# Task goal:
Without any of the pictures, transcribe all the lines below exactly.

# Provided entries:

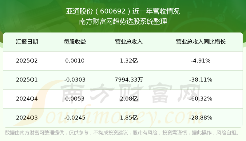 亞通股份2025年第二季度顯示,公司主營收入1.32億元,同比-4.91%;歸母凈利潤34.01萬元,同比-97.4%;扣非凈利潤-4.68萬元,同比98.4%。
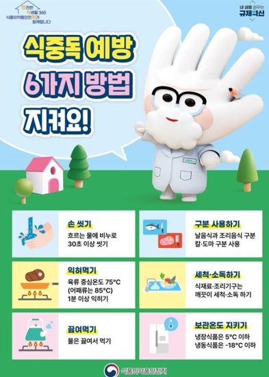 보건소 관계자는 실생활에서 충분히 실천 가능한 [식중독 예방 6대 수칙] ‘△ 손씻기 △ 익혀먹기 △ 끓여먹기 △ 칼·도마 구분 사용하기 △ 식재료·조리기구 세척·소독하기 △ 보관온도 지키기’를 준수하고, 조리기구는 열탕이나 살균소독제로 세척·소독하고 칼·도마는 식재료별 구분하여 사용하고 육류, 가금류, 달걀 등은 중심온도 75℃에서 1분 이상 충분히 가열하고 굴 등 어패류는 중심온도 85℃에서 1분 이상 완전히 익힌 후 섭취해야 한다고 덧붙였다.
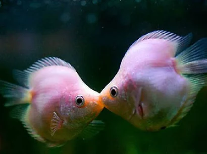 接吻鱼最使人感兴趣是在两条鱼彼此相遇时,便两嘴相对,互相作接吻姿态,故而得名。接吻鱼接吻的时间长短不一,但次数相当频繁,这在鱼类世界中也是一种罕见的现象。至于接吻鱼为什么有这种奇特的习性,众说不一。一些饲养者认为,接吻鱼的接吻动作是雄接吻鱼与雌接吻鱼的示爱行为。但人们还发现,接吻现象并不只限于雄接吻鱼和雌接吻鱼之间,在同性之间都有接吻现象。
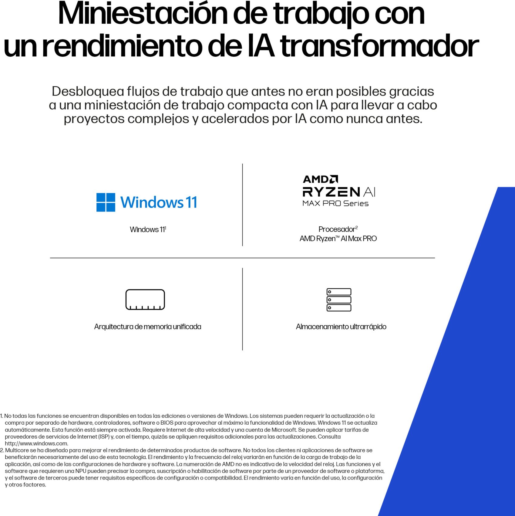 Afronta flujos de trabajo nuevos y masivos de forma local en una miniestación de trabajo con un procesador AMD Ryzen™ con IA Max PRO[1], con núcleos de CPU de sobremesa, gráficos integrados de tipo discreto, memoria unificada y la capacidad para asignar memoria a la GPU,[2] y gestiona de forma local proyectos con un uso intensivo de gráficos.
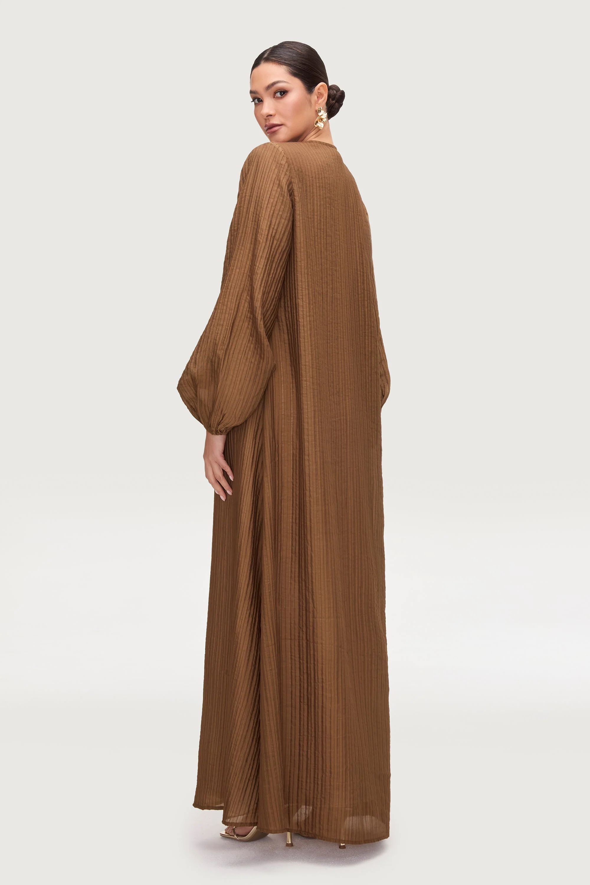 Unleash your inner elegance with the Lamya Balloon Sleeve Open Abaya in Desert Palm. This elevated basic features stunning balloon sleeves, adding a touch of sophistication to your look. The textured fabric, with subtle stripes, creates a luxurious feel while remaining breezy and comfortable. Elevate your wardrobe with this must-have piece.

# Solution:
 亞通股份2025年第二季度顯示,公司主營收入1.32億元,同比-4.91%;歸母凈利潤34.01萬元,同比-97.4%;扣非凈利潤-4.68萬元,同比98.4%。
 보건소 관계자는 실생활에서 충분히 실천 가능한 [식중독 예방 6대 수칙] ‘△ 손씻기 △ 익혀먹기 △ 끓여먹기 △ 칼·도마 구분 사용하기 △ 식재료·조리기구 세척·소독하기 △ 보관온도 지키기’를 준수하고, 조리기구는 열탕이나 살균소독제로 세척·소독하고 칼·도마는 식재료별 구분하여 사용하고 육류, 가금류, 달걀 등은 중심온도 75℃에서 1분 이상 충분히 가열하고 굴 등 어패류는 중심온도 85℃에서 1분 이상 완전히 익힌 후 섭취해야 한다고 덧붙였다.
 接吻鱼最使人感兴趣是在两条鱼彼此相遇时,便两嘴相对,互相作接吻姿态,故而得名。接吻鱼接吻的时间长短不一,但次数相当频繁,这在鱼类世界中也是一种罕见的现象。至于接吻鱼为什么有这种奇特的习性,众说不一。一些饲养者认为,接吻鱼的接吻动作是雄接吻鱼与雌接吻鱼的示爱行为。但人们还发现,接吻现象并不只限于雄接吻鱼和雌接吻鱼之间,在同性之间都有接吻现象。
 Afronta flujos de trabajo nuevos y masivos de forma local en una miniestación de trabajo con un procesador AMD Ryzen™ con IA Max PRO[1], con núcleos de CPU de sobremesa, gráficos integrados de tipo discreto, memoria unificada y la capacidad para asignar memoria a la GPU,[2] y gestiona de forma local proyectos con un uso intensivo de gráficos.
 Unleash your inner elegance with the Lamya Balloon Sleeve Open Abaya in Desert Palm. This elevated basic features stunning balloon sleeves, adding a touch of sophistication to your look. The textured fabric, with subtle stripes, creates a luxurious feel while remaining breezy and comfortable. Elevate your wardrobe with this must-have piece.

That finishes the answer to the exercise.